* _Goal of the exercise_
From the listing below, pick out each line with the word "that".

*** Opening Records provided ***

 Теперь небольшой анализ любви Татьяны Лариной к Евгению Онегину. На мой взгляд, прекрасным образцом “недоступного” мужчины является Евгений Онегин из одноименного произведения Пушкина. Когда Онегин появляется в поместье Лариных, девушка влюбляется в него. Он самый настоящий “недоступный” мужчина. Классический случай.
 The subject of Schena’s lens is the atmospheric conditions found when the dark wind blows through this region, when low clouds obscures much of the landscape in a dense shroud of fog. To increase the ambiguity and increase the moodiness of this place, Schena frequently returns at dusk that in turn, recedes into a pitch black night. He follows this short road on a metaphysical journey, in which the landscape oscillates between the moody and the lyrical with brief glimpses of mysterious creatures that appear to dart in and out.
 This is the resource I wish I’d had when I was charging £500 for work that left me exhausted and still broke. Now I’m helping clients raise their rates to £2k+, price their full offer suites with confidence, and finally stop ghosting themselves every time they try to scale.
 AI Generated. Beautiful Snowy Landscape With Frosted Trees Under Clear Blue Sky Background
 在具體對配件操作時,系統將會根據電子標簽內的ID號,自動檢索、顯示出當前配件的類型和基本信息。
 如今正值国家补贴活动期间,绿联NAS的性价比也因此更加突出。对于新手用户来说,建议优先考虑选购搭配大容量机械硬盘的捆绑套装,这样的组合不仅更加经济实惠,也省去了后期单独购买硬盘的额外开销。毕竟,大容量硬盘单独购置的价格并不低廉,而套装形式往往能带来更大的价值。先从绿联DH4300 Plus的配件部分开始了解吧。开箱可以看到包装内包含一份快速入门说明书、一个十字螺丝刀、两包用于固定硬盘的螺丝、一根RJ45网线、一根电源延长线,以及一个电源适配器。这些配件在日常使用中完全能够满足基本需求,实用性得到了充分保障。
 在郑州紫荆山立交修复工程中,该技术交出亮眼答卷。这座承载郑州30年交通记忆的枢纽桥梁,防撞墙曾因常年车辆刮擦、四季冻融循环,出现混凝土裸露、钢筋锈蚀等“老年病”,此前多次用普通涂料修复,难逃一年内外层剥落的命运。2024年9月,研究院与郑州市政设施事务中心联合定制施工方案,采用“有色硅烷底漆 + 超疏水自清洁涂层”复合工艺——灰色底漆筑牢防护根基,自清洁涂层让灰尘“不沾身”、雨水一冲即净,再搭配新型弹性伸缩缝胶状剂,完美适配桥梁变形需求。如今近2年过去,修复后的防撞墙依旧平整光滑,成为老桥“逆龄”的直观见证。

*** Closing Records provided ***
*** Opening Records provided ***

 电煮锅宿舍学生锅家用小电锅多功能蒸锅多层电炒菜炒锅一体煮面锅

*** Closing Records provided ***

* _Task answer_
 The subject of Schena’s lens is the atmospheric conditions found when the dark wind blows through this region, when low clouds obscures much of the landscape in a dense shroud of fog. To increase the ambiguity and increase the moodiness of this place, Schena frequently returns at dusk that in turn, recedes into a pitch black night. He follows this short road on a metaphysical journey, in which the landscape oscillates between the moody and the lyrical with brief glimpses of mysterious creatures that appear to dart in and out.
 This is the resource I wish I’d had when I was charging £500 for work that left me exhausted and still broke. Now I’m helping clients raise their rates to £2k+, price their full offer suites with confidence, and finally stop ghosting themselves every time they try to scale.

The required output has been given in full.